▶ _Supplied information_
┄┄┄┄┄┄┄┄┄┄

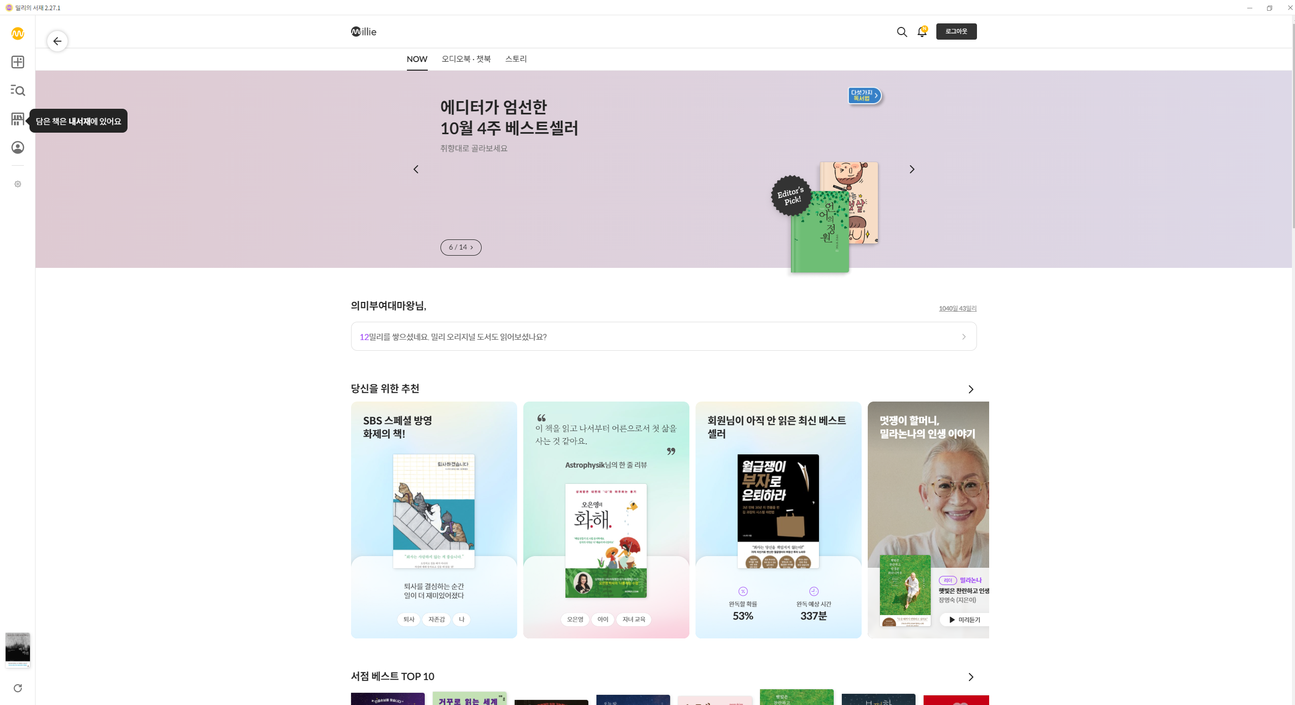 밀리의 서재는 교보문고나 예스24 등과 달리 전자책을 이용(검색, 구매, 독서까지)할 때 하나의 어플을 사용합니다. 단순히 전자책을 "판매"하지 않기 때문이죠. 구독 플랜만을 팔고 있다고 표현하면 정확합니다. 물론 종이책 구매도 하실 수 있지만, 그건 알라딘으로 넘어가서 구매가 가능하니깐요.
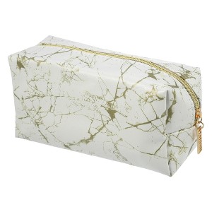 Unique Bargains Makeup Bag Cosmetic Travel Bag Make Up Brush Organizer Bag Marble Makeup Storage Toiletry Bag for Women White Gold Tone 7"x3"x4" 1 Pcs
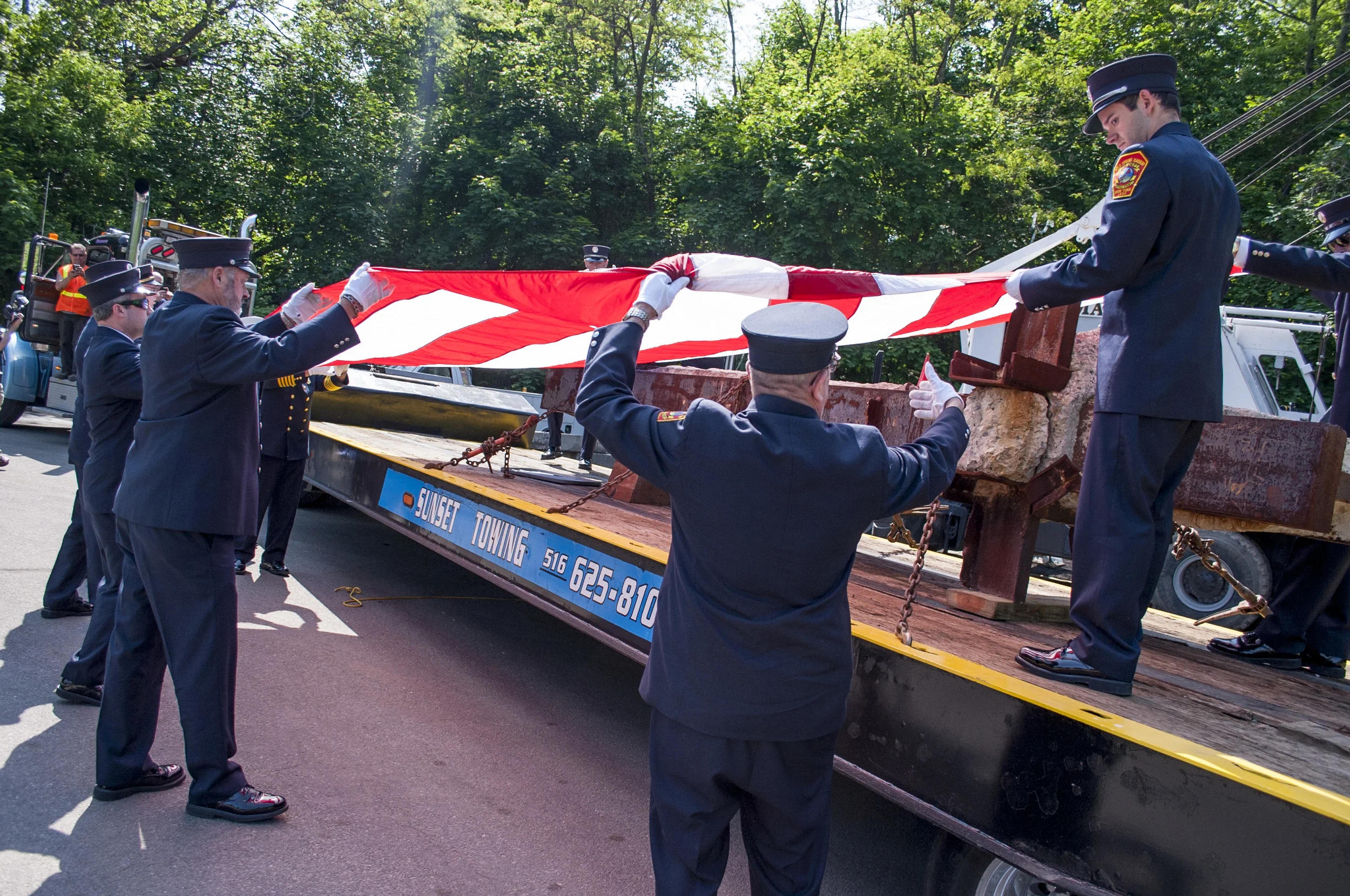 At the recycling facility, firemen lifted the flag covering the steel, while the sound of bagpipes rang in the background. Town of Huntington Councilman Eugene Cook, who attended the ceremony, thanked the fire department officials for all their work.

┄┄┄┄┄┄┄┄┄┄

▶ _Activity_
Set the lines above down again, word for word, from the first through the one containing "Unique Bargains Makeup"; pictures excluded.

▶ _Final answer_
 밀리의 서재는 교보문고나 예스24 등과 달리 전자책을 이용(검색, 구매, 독서까지)할 때 하나의 어플을 사용합니다. 단순히 전자책을 "판매"하지 않기 때문이죠. 구독 플랜만을 팔고 있다고 표현하면 정확합니다. 물론 종이책 구매도 하실 수 있지만, 그건 알라딘으로 넘어가서 구매가 가능하니깐요.
 Unique Bargains Makeup Bag Cosmetic Travel Bag Make Up Brush Organizer Bag Marble Makeup Storage Toiletry Bag for Women White Gold Tone 7"x3"x4" 1 Pcs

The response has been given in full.